Татьяна Толстая. Легкие миры

  • Татьяна Толстая. Легкие миры. — М.: АСТ: Редакция Елены Шубиной, 2014.

    Впервые за десять лет выходит новая книга Татьяны Толстой. Сборник повестей, рассказов и эссе «Легкие миры» назван по одноименному произведению, которое в 2013 году было удостоено Премии Ивана Петровича Белкина.

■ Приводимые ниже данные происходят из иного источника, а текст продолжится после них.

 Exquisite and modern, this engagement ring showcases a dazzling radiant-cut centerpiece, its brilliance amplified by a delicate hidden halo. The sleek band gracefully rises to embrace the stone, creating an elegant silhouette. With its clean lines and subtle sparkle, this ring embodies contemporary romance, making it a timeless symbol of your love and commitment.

    Читатель вместе с автором перемещается между Нью-Йорком и Критом, Москвой и Петербургом. Татьяна Толстая вспоминает детство и рассказывает о своей семье, иллюстрирует особенности нашего национального характера яркими сценами из жизни и самобытными героями, размышляет о магических свойствах русской речи и о том тайном, колдовском, что незримо присутствует в нашей жизни.

    На малом огне

    У нас была большая семья: семеро детей, папа, мама,
    няня Груша, кухарка Марфа, и все мы жили в одной
    квартире — в Ленинграде, на набережной реки Карповки. Квартира была особенная, двухэтажная.
    Верхний этаж был одной огромной комнатой, разделенной мебелью на спальню, папин кабинет, черную комнату для печатания фотографий и гостиную с роялем, кроме того, там спали младшие дети.
    На нижнем этаже жили все остальные.

    Я спала в детской, дальней комнате вместе с сестрой Шурой и няней Грушей, кухарка Марфа —
    в особой комнатке для прислуги, остальные — кто
    где. Одна из комнат считалась столовой, но и там
    всегда кто-то спал.

    С точки зрения простого советского человека мы
    были зажравшиеся.

    Вот интересно, кстати: дом был построен по проекту архитекторов Фомина и Левинсона в 1931–1935
    годах для работников Ленсовета (тут-то их и начали
    сразу сажать, работников этих). И — пожалуйста, проектируется комната для прислуги. Только что, можно
    сказать, каких-то десять лет назад, коммуняки считали, что в доме кухонь вообще быть не должно. Дом
    политкаторжан на Каменноостровском, с чудным видом на Неву, прямо на Летний сад, так и построен —
    без кухонь. Советский человек не опустится до такого
    мещанства, как стояние у плиты. Долой рабский труд,
    освободим женщину, да здравствуют фабрики-кухни,
    зразы свекольные, тефтели морковные, человек ест,
    чтобы жить, а не живет, чтобы есть.

    Ну так это простой человек, ему есть не надо,
    а вот начальству очень даже надо, а поскольку он,
    начальник, день и ночь работает на благо народа, то
    ему полагается прислуга, встроенная, так сказать,
    прямо в кухонный процесс. Для прислуги — стыдливо именуемой «домашней работницей» — и спроектировали комнатку при кухне.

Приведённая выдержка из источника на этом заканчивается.